The remote also has controls for overscan and edge masking, which is unusual on a home theater remote. Overscan behaves in the typical fashion. When set to zero, one gets 100% of the signal image. When stepped through successive increments the overscan control digitally zooms the picture a few percentage points without changing the size of the projected image. On the other hand, edge masking will cause a black frame to encroach on the projected image, and reduce the active picture area by up to about 2%. This is a great feature to have for eliminating edge noise when you happen to be viewing a signal that has some. The fact that this feature is easily accessed via the remote is a definite plus.

The Anamorphic Lens Option. Many people these days are excited about the concept of the super widescreen 2.35:1 format, which is wider still than HDTV 16:9. The HD80 is configured with the necessary scaling to accommodate an anamorphic lens for a 2.35 constant image height set up. Optoma offers as an optional accessory a completely independent anamorphic lens with automated track to deploy or retract it depending on when it is needed. This option is priced at an additional $3,999, so it takes the entire projection system into an entirely different price class. If you are unfamiliar with the 2.35 option, we recently posted an article entitled 2.35 Super Widescreen Home Theater. This article reviews the advantages and limitations of a 2.35 CIH set up for home theater, and it includes reference to the Panamorph U380 lens and track that is available from Optoma for use with the HD80. You may or may not be interested in this option today. If not, it is good to know that the HD80 is configured to accommodate a 2.35 set up in the future should you want to move in this direction.

Performance

I want to restrain myself from using too many gushing superlatives. But it will be difficult, because the HD80 is simply a magnificent projector for the money. Excellent performance in contrast, black level, sharpness, and color combine to make it a riveting home theater experience. And it has ample brightness that can be varied and tailored to a variety of screen sizes and room environments.

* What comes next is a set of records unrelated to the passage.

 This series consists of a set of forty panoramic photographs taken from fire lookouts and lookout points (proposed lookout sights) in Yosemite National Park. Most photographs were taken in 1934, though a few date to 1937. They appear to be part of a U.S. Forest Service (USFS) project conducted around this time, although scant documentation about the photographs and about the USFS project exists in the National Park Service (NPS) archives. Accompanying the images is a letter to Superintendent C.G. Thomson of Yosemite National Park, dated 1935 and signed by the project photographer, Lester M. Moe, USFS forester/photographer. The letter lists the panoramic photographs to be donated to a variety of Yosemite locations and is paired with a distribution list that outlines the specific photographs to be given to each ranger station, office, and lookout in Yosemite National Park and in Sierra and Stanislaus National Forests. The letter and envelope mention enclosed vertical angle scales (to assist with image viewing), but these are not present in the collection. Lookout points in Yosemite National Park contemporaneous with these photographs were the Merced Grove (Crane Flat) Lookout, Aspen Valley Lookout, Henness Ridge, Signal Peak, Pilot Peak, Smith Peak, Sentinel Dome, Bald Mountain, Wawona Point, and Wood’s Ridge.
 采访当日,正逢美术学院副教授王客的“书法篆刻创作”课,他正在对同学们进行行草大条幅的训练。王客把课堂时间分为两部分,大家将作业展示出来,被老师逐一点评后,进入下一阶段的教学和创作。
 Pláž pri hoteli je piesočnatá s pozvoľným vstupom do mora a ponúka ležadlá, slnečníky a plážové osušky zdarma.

As far as brightness is concerned, our test unit measured a substantial 687 lumens in it brightest video configuration. In optimal Cinema mode, with the iris open and lamp on low power, we measured 420 lumens. The short zoom lens has little effect on the lumen output-in its most extreme telephoto setting it reduces light output by 5%, so the position of the lens is of no practical consequence in installation planning.

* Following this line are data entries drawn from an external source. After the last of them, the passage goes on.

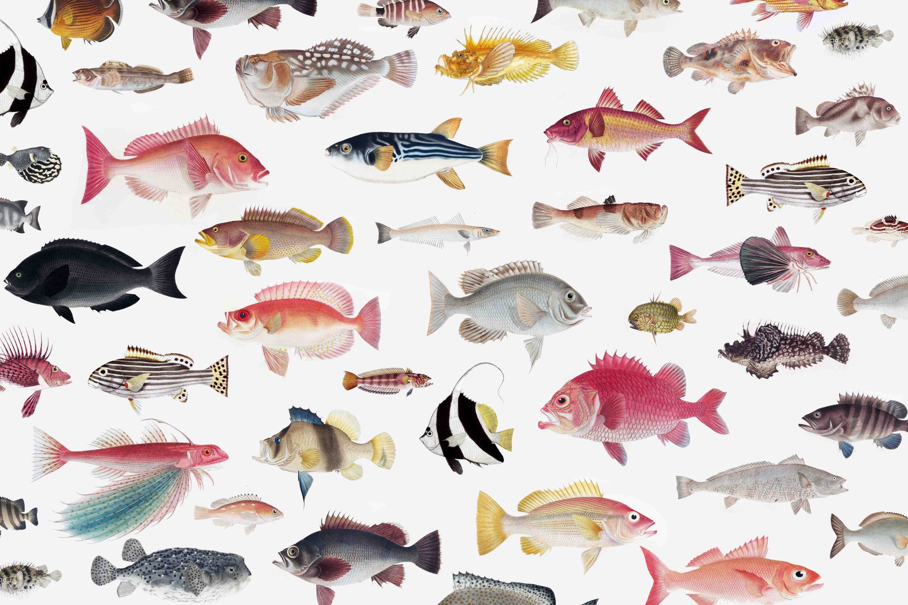 Dive into the vibrant world of 'Acquarium,' a captivating wallpaper that showcases a diverse collection of exquisitely illustrated fish. Each species, from the strikingly striped to the subtly shaded, is rendered with meticulous detail, evoking the charm of vintage natural history illustrations. The composition brings to life the lively energy of an underwater ecosystem, offering a glimpse into the ocean's hidden beauty. Perfect for adding a touch of aquatic serenity and artistic flair to any space, 'Acquarium' transforms your screen into a mesmerizing underwater gallery.
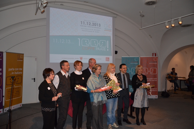 Era affollatissima, mercoledì sera 11 dicembre 2013, la sala del Centro Trevi dove quasi 200 Volontari e Apprendenti hanno partecipato all'incontro che ha sancito il raggiungimento delle 1.000 coppie linguistiche del progetto "Voluntariat per les llengües" proosso dal Dipartimento Cultura italiana della Provincia in Alto Adige.
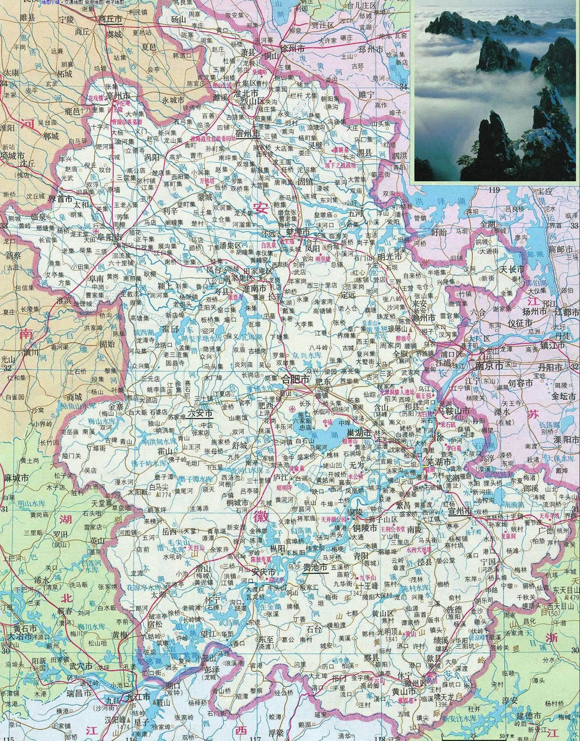 “兩根筷子夾著碗,屏障在西也在南,東面不平北邊平,黃山勝過九華山。”這首民謠形象地概括了安徽省的旅游地理面貌。兩條江河(長江和淮河)像兩根筷子,巢湖如碗,西面的大別山和東南面的天目山如屏,北邊是一馬平川的江淮大平原。而皖南的黃山、九華山則是安徽最有名的風景名勝區(qū)。

Activating the manual iris will close down lumen output incrementally over sixteen steps, to a minimum of the low 200s. The right choice for the iris position will depend upon screen size and the darkness of the viewing room. There is incrementally better contrast and black level to be obtained with the closing of the iris, but these performance factors are already terrific even with the iris fully open.

The official contrast rating for the HD80 is 10,000:1. You would think that this projector would be comparable in contrast to competing LCD units rated 10,000:1 or higher. It is not. It is quite visibly higher in actual contrast than all LCD competitors carrying the same or higher contrast ratings. With the higher contrast performance comes more three dimensionality, incrementally better color saturation, and the impression of a sharper image.

In point of fact, the HD80 matches the sharpness of the Mitsubishi HC5000, which heretofore has been the benchmark 1080p projector for sharpness under $5,000. And when it was given a 1080p/24 signal from our Pioneer Blu-ray player, it delivered a spectacular razor sharp image that was unmatched by any other projector we've yet seen under $5,000.

This needs a side comment. In theory, 1080p/24 is the cleanest signal you can have for transmitting Blu-ray and HD DVD content from a player to the projector. That is because the movie material on Blu-ray and HD DVD discs is encoded in 1080p at the film capture rate of 24 frames per second. If the player is capable of outputting this native format, and the projector is capable of receiving and displaying it without converting to 30 or 60 hertz variants, the image should be maintained in its most pristine original form. Contrary to common myth, the 1080p/60 format is not better, faster, cleaner, or in any way superior to 1080p/24 when it comes to film source reproduction. We have seen several projectors that have very sharp and stable images with 1080p/60 that are not improved by switching to 1080p/24. However, in the case of the Optoma HD80, incremental image sharpness is the most obvious immediate benefit. A secondary benefit is a subtle smoothing of horizontal motion judder, but superior image sharpness is by far the most valuable improvement.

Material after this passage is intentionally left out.